Data section below:

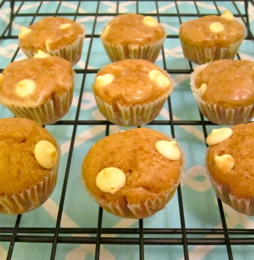 White Chocolate Chip Pancake Muffins with Maple Syrup Glaze
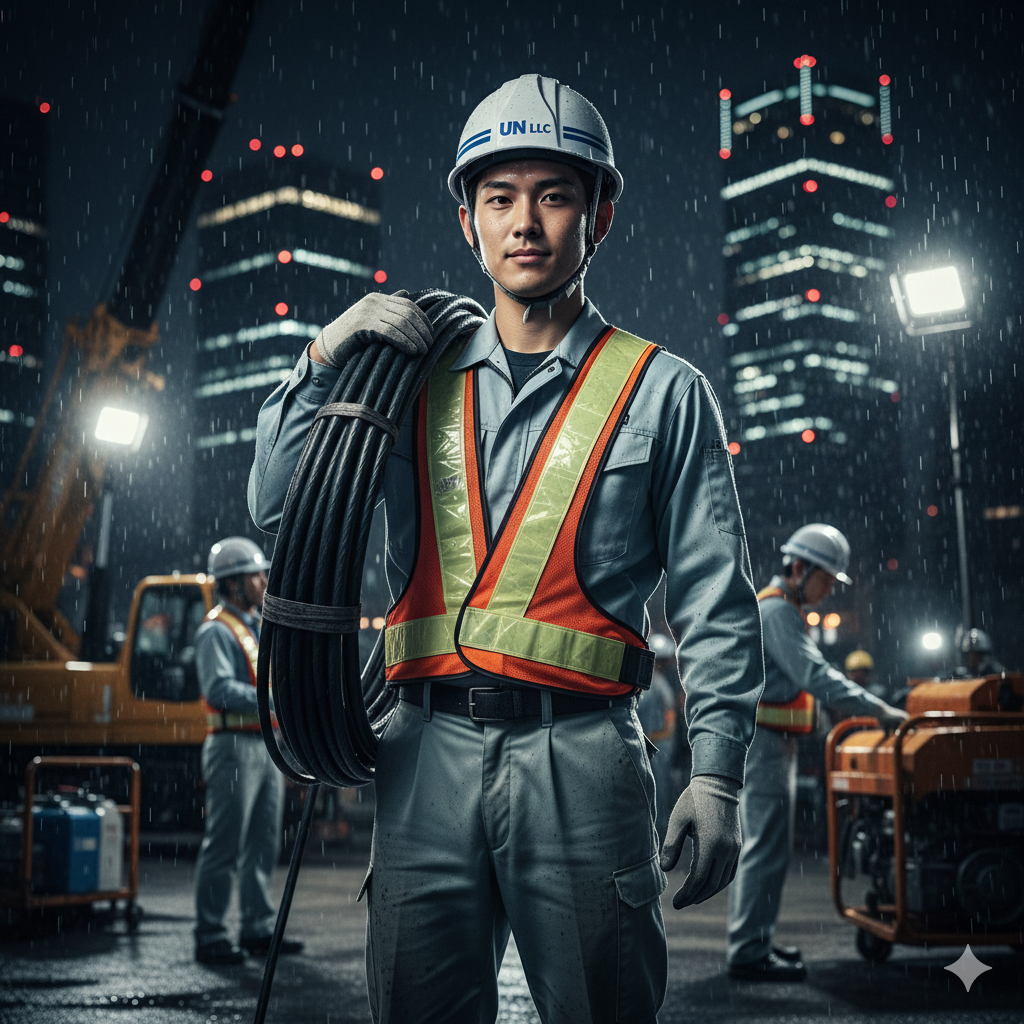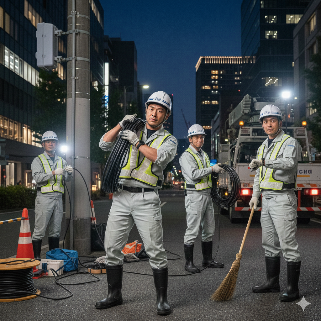 夜間に行うインフラ(電力線)工事の補助がメインです。
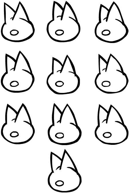 Ich würde sagen die Augen etwas größer und oben abgeflacht für den herrischen Blick. So sieht es noch etwas niedlich, aber auch "debil" aus, weil die Augen im Vergleich zum Kopf so klein sind.
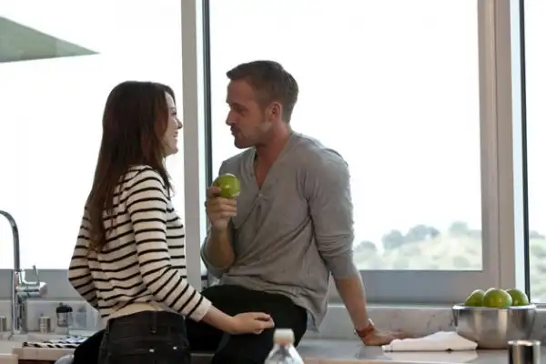 Райан Гослинг в фильме «Эта дурацкая любовь» играет профессионального донжуана, одно из главных оружий которого — идеальный гардероб. В него входят сидящие как влитые костюмы, рубашки с расстегнутым воротом и джемперы с треугольным вырезом, открывающие ключицы.
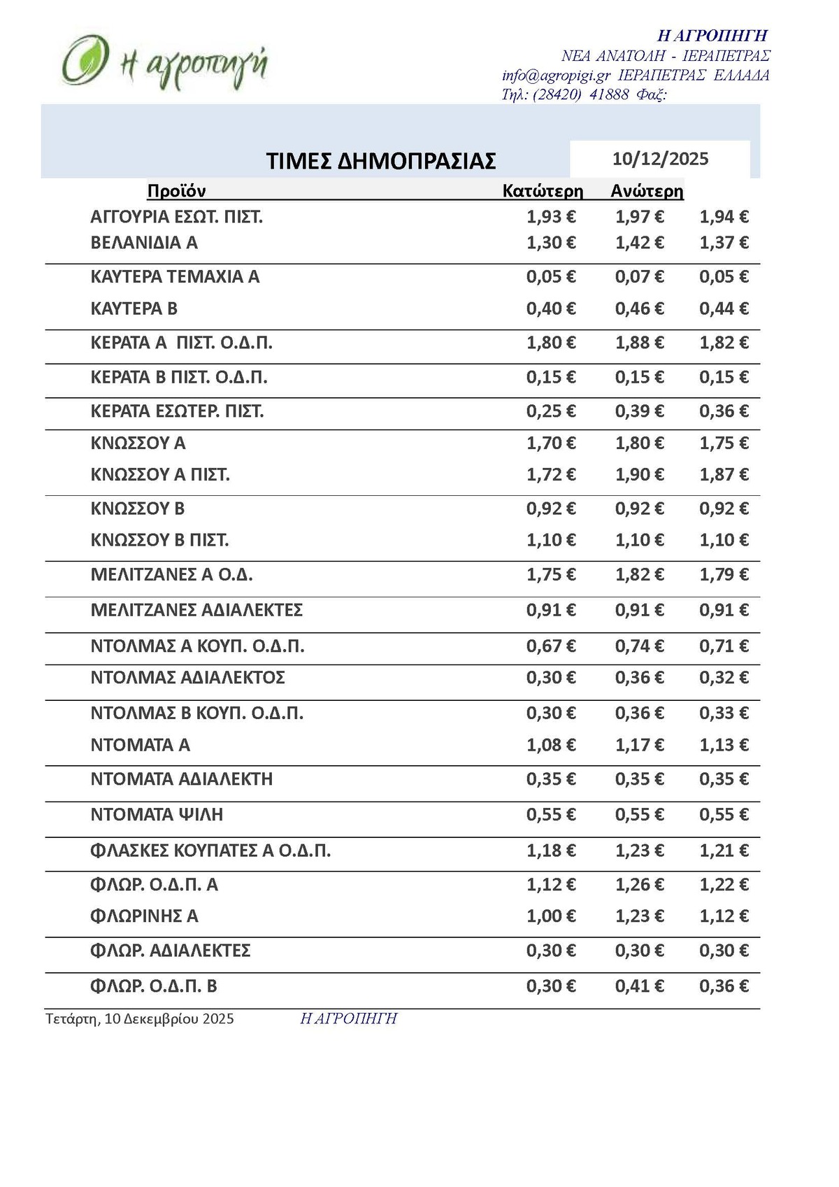 Τιμές Αγροτικών Προϊόντων 10.12.2025 ΤΙΜΕΣ 10:34 π.μ. - Τετάρτη, 10 Δεκεμβρίου 2025 10:12 π.μ. - Τετ, 10/34/2025 ΙΕΡΑΠΕΤΡΑ, ΤΙΜΕΣ ΑΓΡΟΤΙΚΩΝ ΠΡΟΙΟΝΤΩΝ , ΔΗΜΟΠΡΑΤΗΡΙΟ, ΚΗΠΕΥΤΙΚΑ ΠΡΟΙΟΝΤΑ Δείτε τις σημερινές τιμές του δημοπρατηρίου
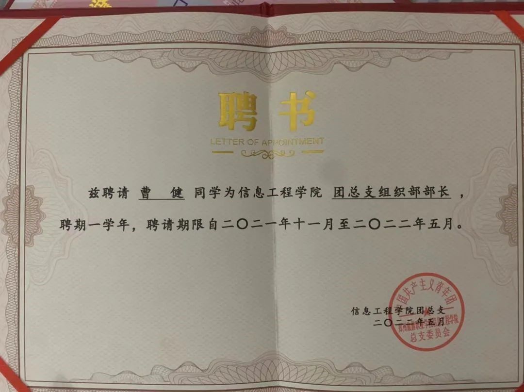 曹健,男,汉族,中共预备党员,毕业于pp电子游戏平台网站信息工程学院20级计算机网络技术1班,在校期间曾担任pp电子游戏平台网站信息工程学院组织部部长,大三实习期间担任pp电子游戏平台网站学生助理一职。
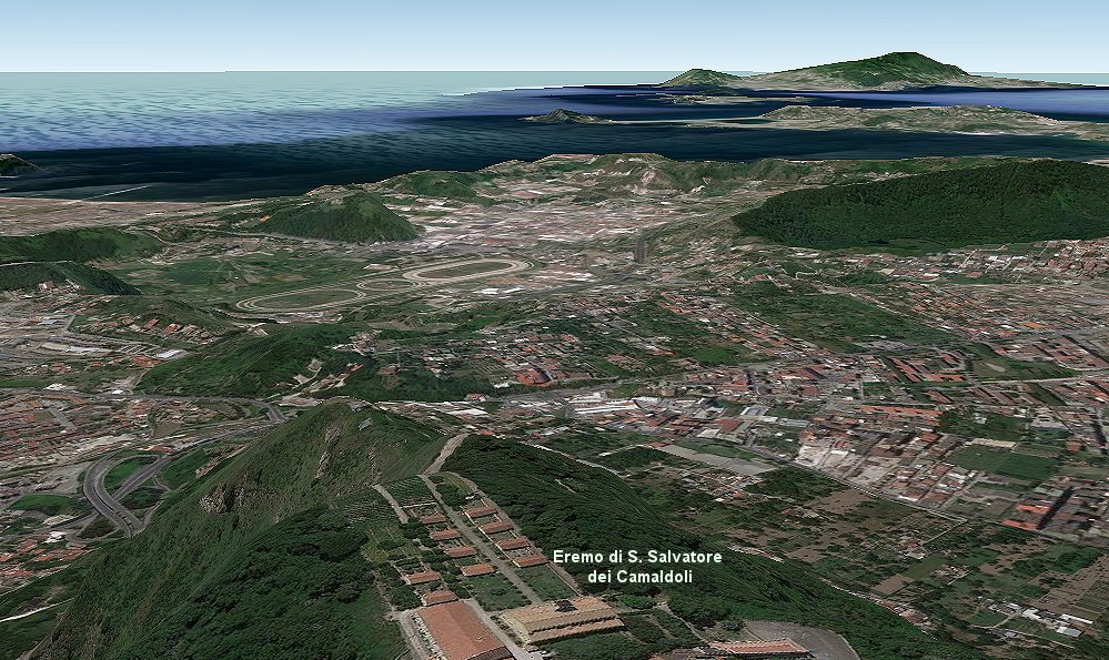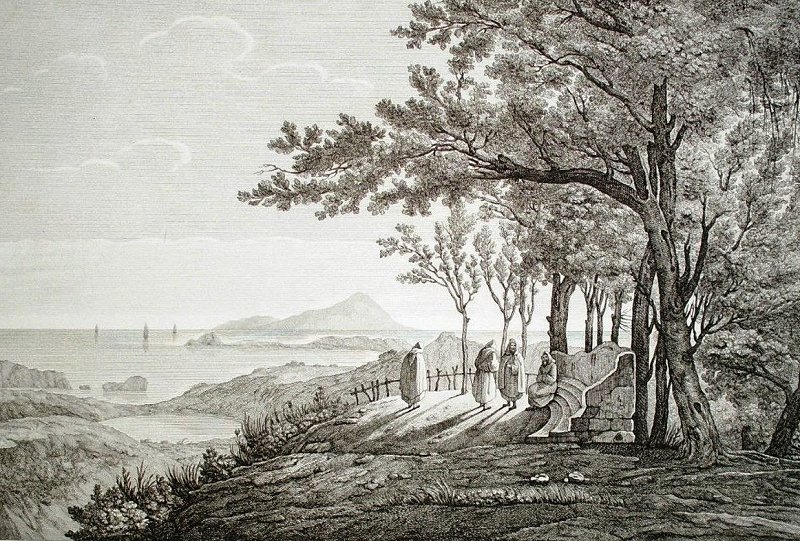 Seume steigt über den Agnano hin zum das Kloster [Eremo di S. Salvatore dei Camaldoli] hinauf und genießt vom vielleicht schönsten Punkt in ganz Italien die Aussicht:
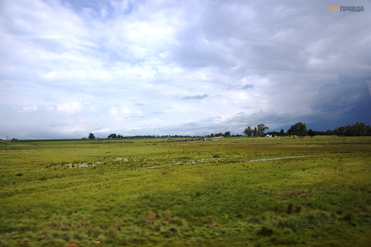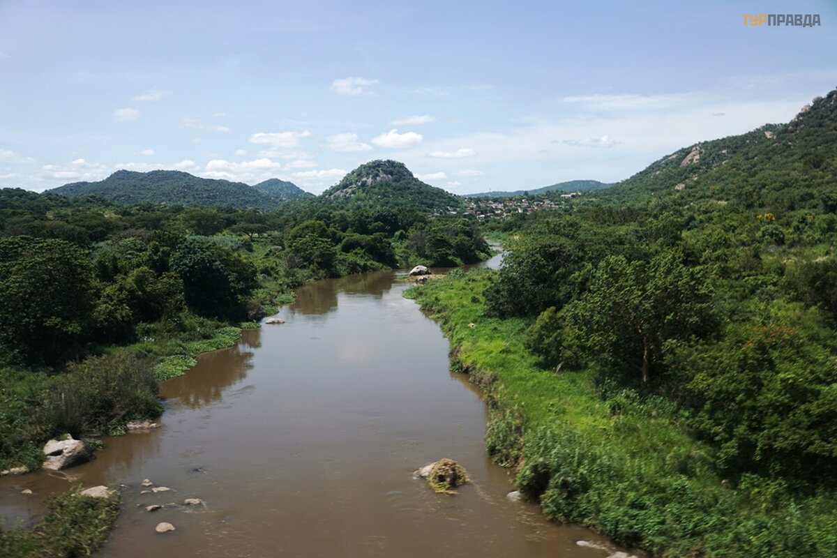 Autobuso viduje buvo kaip po Makhno. Pilnas š ė lsmas. Kai kuriuos daiktus baklaž anai pasiė mė su savimi į autobusą . Virš utinė s lentynos į trū ko nuo svorio. Tinklai ant sė dynių atloš ų jau seniai nukirsti, matyt, ž uvims gaudyti. Autobusas važ iavo ne greič iau kaip 80 km. Kelio reljefas monotoniš kas. Daug apleistų kaimo vietovių . Turint tokį derlingą klimatą ir geras ž emes, parduotuvė se iš darž ovių ir vaisių beveik nieko nė ra. Daž niausiai bananai ir maž i ananasai. Mango beveik neparduodama, bet tas, kurį galima rasti, yra labai maž as ir negraž us. Vienetas kainuoja 4.85 ZAR. (beveik 180 rublių ). Į degę ž monė s nenori už siimti ž emė s ū kio produkcija. Sių sk jiems vadovauti mū sų ministro Tkač iovo ž emė s ū kiui. Jis apsė tų laukus kvieč iais, dalį ž emė s prijungtų prie Tkač iovų š eimos, kitaip jam neuž tenka vien kubieč ių ž emių . Daug baklaž anų priversč iau prisijungti prie kazokų .
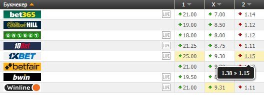 Четко видно, как в букмекерской конторе 1xbet первоначально коэффициент на победу гостей стоял 1.38, а в итоге стал 1.15. Это очень большое падение.
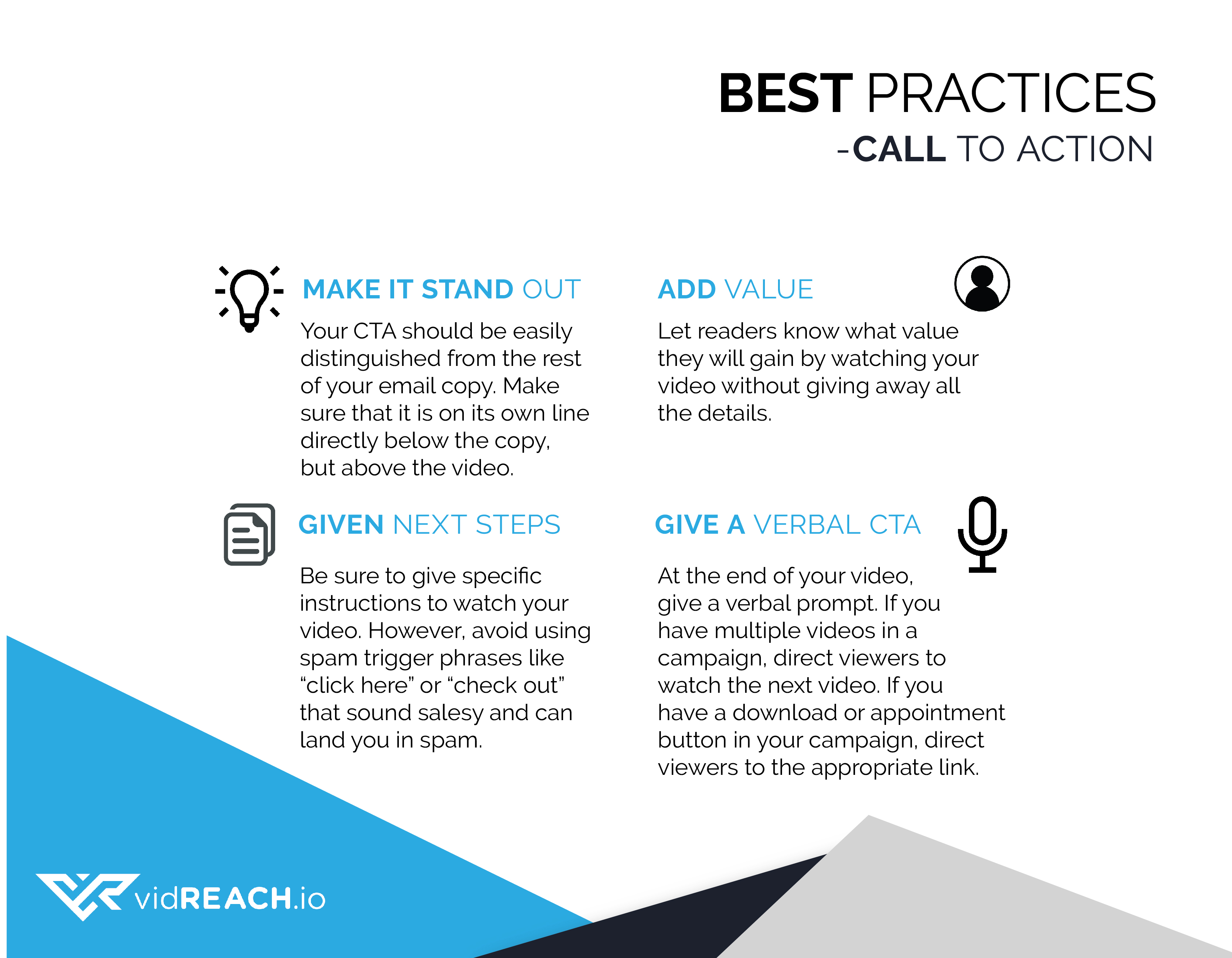 The purpose of a Call to Action button is to lead the recipient of your campaign down your intended path. Below provides an outline for ensuring your CTAs are as effective as possible.

End of Data section.

*Your assignment*
Please transcribe, word for word, every line from the first line of the records above through the line containing "曹健,男,汉族,中共预备党员", and leave out any pictures.

*Problem solution*
 White Chocolate Chip Pancake Muffins with Maple Syrup Glaze
 夜間に行うインフラ(電力線)工事の補助がメインです。
 Ich würde sagen die Augen etwas größer und oben abgeflacht für den herrischen Blick. So sieht es noch etwas niedlich, aber auch "debil" aus, weil die Augen im Vergleich zum Kopf so klein sind.
 Райан Гослинг в фильме «Эта дурацкая любовь» играет профессионального донжуана, одно из главных оружий которого — идеальный гардероб. В него входят сидящие как влитые костюмы, рубашки с расстегнутым воротом и джемперы с треугольным вырезом, открывающие ключицы.
 Τιμές Αγροτικών Προϊόντων 10.12.2025 ΤΙΜΕΣ 10:34 π.μ. - Τετάρτη, 10 Δεκεμβρίου 2025 10:12 π.μ. - Τετ, 10/34/2025 ΙΕΡΑΠΕΤΡΑ, ΤΙΜΕΣ ΑΓΡΟΤΙΚΩΝ ΠΡΟΙΟΝΤΩΝ , ΔΗΜΟΠΡΑΤΗΡΙΟ, ΚΗΠΕΥΤΙΚΑ ΠΡΟΙΟΝΤΑ Δείτε τις σημερινές τιμές του δημοπρατηρίου
 曹健,男,汉族,中共预备党员,毕业于pp电子游戏平台网站信息工程学院20级计算机网络技术1班,在校期间曾担任pp电子游戏平台网站信息工程学院组织部部长,大三实习期间担任pp电子游戏平台网站学生助理一职。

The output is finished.